> _Supplied records_:
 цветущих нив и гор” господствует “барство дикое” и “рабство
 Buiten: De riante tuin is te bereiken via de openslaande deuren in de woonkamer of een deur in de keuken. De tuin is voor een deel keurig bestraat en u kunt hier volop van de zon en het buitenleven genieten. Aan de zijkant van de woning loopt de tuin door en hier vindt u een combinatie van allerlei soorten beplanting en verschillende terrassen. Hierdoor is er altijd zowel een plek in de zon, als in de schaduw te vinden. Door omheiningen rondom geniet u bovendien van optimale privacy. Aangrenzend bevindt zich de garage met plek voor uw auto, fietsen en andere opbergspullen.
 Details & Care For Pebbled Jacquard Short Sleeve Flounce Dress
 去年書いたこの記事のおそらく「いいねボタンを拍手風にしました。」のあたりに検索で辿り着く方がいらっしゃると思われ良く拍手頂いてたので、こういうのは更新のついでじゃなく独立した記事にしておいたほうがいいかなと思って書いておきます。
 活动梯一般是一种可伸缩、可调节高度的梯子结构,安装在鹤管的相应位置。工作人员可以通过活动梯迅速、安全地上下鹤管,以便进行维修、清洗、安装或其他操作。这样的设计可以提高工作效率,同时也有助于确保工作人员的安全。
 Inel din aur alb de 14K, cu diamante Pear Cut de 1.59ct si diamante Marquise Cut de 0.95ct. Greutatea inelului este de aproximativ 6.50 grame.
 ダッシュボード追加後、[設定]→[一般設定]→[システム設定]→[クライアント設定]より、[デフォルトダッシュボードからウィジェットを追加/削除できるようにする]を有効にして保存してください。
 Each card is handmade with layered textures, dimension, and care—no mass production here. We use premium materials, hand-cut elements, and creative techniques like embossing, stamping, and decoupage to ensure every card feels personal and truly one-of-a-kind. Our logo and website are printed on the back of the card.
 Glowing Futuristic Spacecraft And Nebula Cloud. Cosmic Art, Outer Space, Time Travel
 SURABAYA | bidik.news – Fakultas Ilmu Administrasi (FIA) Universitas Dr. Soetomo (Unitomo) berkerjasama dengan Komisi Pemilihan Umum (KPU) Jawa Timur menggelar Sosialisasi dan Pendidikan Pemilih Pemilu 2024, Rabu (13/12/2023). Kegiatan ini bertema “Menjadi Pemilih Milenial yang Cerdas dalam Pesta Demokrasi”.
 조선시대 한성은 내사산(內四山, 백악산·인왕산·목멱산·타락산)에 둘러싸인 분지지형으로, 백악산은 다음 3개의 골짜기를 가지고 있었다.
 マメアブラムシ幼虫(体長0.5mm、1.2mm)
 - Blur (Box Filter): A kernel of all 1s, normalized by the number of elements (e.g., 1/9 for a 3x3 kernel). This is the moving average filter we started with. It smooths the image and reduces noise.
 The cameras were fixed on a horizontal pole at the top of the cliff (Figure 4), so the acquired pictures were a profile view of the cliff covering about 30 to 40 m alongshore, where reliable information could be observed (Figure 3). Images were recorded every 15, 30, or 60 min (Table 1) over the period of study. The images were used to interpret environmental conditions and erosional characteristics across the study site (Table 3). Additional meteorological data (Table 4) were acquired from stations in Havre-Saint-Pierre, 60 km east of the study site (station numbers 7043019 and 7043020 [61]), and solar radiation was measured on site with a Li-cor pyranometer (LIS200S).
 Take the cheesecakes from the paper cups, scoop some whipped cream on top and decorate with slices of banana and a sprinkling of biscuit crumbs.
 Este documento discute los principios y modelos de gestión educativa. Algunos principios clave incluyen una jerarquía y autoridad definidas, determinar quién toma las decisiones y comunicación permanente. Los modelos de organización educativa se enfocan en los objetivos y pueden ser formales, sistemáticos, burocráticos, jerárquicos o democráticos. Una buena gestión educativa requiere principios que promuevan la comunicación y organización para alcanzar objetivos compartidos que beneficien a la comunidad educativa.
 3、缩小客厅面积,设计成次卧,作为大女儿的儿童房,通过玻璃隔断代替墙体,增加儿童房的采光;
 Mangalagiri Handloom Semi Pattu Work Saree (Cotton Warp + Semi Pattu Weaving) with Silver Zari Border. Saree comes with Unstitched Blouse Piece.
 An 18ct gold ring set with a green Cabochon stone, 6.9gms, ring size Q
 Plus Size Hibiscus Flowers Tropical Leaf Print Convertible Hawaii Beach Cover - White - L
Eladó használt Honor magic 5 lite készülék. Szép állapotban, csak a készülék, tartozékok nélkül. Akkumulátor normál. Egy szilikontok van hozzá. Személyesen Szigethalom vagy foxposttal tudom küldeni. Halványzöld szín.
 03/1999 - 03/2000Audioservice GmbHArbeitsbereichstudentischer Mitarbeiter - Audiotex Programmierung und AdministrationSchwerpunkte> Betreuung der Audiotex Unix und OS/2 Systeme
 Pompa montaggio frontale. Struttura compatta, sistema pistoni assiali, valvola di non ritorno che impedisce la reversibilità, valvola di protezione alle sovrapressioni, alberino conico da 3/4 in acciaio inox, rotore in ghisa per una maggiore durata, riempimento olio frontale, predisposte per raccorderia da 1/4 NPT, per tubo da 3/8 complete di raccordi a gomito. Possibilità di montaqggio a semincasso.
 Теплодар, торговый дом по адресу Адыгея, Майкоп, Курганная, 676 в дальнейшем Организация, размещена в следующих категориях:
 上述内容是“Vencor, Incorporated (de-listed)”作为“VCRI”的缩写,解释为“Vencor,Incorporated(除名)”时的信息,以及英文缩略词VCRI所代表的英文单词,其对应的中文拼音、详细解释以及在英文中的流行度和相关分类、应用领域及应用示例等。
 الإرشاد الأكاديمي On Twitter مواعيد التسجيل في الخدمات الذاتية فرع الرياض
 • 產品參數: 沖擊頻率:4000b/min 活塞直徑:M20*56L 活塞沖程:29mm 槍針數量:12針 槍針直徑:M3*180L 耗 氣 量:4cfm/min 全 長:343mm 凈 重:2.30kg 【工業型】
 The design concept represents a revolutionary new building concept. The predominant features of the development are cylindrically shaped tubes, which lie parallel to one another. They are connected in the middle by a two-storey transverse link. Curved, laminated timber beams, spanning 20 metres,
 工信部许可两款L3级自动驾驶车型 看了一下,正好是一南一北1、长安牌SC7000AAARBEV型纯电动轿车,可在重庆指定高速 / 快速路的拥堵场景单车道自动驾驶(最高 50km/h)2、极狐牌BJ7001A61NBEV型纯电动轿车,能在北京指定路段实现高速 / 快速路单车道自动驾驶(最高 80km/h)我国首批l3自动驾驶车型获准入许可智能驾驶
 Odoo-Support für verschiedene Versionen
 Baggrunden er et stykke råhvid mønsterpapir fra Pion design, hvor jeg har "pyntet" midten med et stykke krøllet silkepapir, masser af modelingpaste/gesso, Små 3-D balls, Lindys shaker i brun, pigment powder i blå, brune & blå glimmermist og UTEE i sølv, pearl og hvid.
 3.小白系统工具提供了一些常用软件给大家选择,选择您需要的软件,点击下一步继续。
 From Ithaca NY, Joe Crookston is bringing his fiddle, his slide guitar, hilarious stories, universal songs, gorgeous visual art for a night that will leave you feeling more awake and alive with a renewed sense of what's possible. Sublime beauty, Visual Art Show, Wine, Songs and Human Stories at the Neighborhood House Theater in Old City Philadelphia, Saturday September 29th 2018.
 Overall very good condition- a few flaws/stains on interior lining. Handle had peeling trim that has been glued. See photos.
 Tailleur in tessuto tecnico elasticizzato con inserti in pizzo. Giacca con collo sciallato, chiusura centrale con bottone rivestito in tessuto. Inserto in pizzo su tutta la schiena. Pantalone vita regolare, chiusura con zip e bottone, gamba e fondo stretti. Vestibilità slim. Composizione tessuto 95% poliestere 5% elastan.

> _Task to carry out_:
From the line holding "Details & Care" to the line holding "Glowing Futuristic Spacecraft", inclusive, restate each line above exactly as written.

> _Task output_:
 Details & Care For Pebbled Jacquard Short Sleeve Flounce Dress
 去年書いたこの記事のおそらく「いいねボタンを拍手風にしました。」のあたりに検索で辿り着く方がいらっしゃると思われ良く拍手頂いてたので、こういうのは更新のついでじゃなく独立した記事にしておいたほうがいいかなと思って書いておきます。
 活动梯一般是一种可伸缩、可调节高度的梯子结构,安装在鹤管的相应位置。工作人员可以通过活动梯迅速、安全地上下鹤管,以便进行维修、清洗、安装或其他操作。这样的设计可以提高工作效率,同时也有助于确保工作人员的安全。
 Inel din aur alb de 14K, cu diamante Pear Cut de 1.59ct si diamante Marquise Cut de 0.95ct. Greutatea inelului este de aproximativ 6.50 grame.
 ダッシュボード追加後、[設定]→[一般設定]→[システム設定]→[クライアント設定]より、[デフォルトダッシュボードからウィジェットを追加/削除できるようにする]を有効にして保存してください。
 Each card is handmade with layered textures, dimension, and care—no mass production here. We use premium materials, hand-cut elements, and creative techniques like embossing, stamping, and decoupage to ensure every card feels personal and truly one-of-a-kind. Our logo and website are printed on the back of the card.
 Glowing Futuristic Spacecraft And Nebula Cloud. Cosmic Art, Outer Space, Time Travel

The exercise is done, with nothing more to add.